From Surry Hills Kitchen to National Icon: How One Sydney Chef Built a $15M Plant-Based Empire
Meet the entrepreneur turning paddock-to-plate philosophy into a thriving business that's reshaping Sydney's food landscape.
Meet the entrepreneur turning paddock-to-plate philosophy into a thriving business that's reshaping Sydney's food landscape.

When Priya Manoharan opened her first deli on Crown Street in Surry Hills five years ago, few predicted it would become one of Sydney's most talked-about food ventures. Today, her brand operates three locations across the city, employs over 80 staff, and has attracted institutional investment valuing the business at approximately $15 million.
The Melbourne-born entrepreneur spotted a gap in Sydney's market: accessible, premium plant-based meals that didn't compromise on flavour or nutrition. Starting with a modest 200-square-metre shopfront in Surry Hills, Manoharan initially juggled three jobs while building her concept. By month three, queues stretched down the street during lunch service.
"People assumed plant-based meant compromise," she explains during a visit to her flagship Paddington venue on Oxford Street. "I wanted to prove that with proper sourcing and technique, you could deliver restaurant-quality food at accessible prices."
Her pricing strategy—main courses averaging $16–$22—undercut competitors while maintaining 40 per cent gross margins. The model proved potent. By 2024, her Surry Hills location was processing over 400 transactions daily. Expansion followed naturally: Paddington in early 2025, then Barangaroo in March this year, capturing the office-worker demographic.
The Barangaroo site, located in the precinct's newly completed dining quarter, represents a significant scaling. At 350 square metres, it employs a dedicated prep kitchen and handles 600 daily transactions. Manoharan sources 70 per cent of produce from suppliers within a 100-kilometre radius of Sydney, a commitment that's become central to her brand story.
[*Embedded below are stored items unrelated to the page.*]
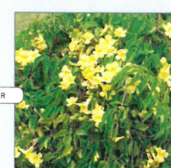
Yellow Trumpet Vine ( Macfadyena unguis-cati )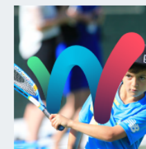
✘ Do not use over image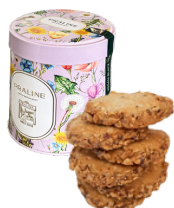
CHEDDAR CHEESE COOKIE ฿280

Industry analysts note her success reflects broader consumer shifts. According to a 2025 IBISWorld report, Australia's plant-based food sector grew 22 per cent year-on-year, with Sydney capturing nearly 35 per cent of national revenue. Manoharan's timing and execution have positioned her as a market leader in that surge.
The entrepreneur attributes growth partly to her team. She's invested heavily in staff retention—offering above-award wages and professional development. Staff turnover sits at 8 per cent annually, well below the hospitality industry average of 24 per cent.
Looking ahead, Manoharan is exploring franchise opportunities and a planned production facility in Western Sydney to supply independent retailers. She's also mentoring emerging food entrepreneurs through the Sydney Business Chamber.
From a single Surry Hills kitchen to a recognised brand, her trajectory exemplifies how clearly identifying customer needs and executing relentlessly can transform a local venture into something genuinely significant.
This article was compiled by AI from the sources linked above and screened before publishing. See our editorial standards.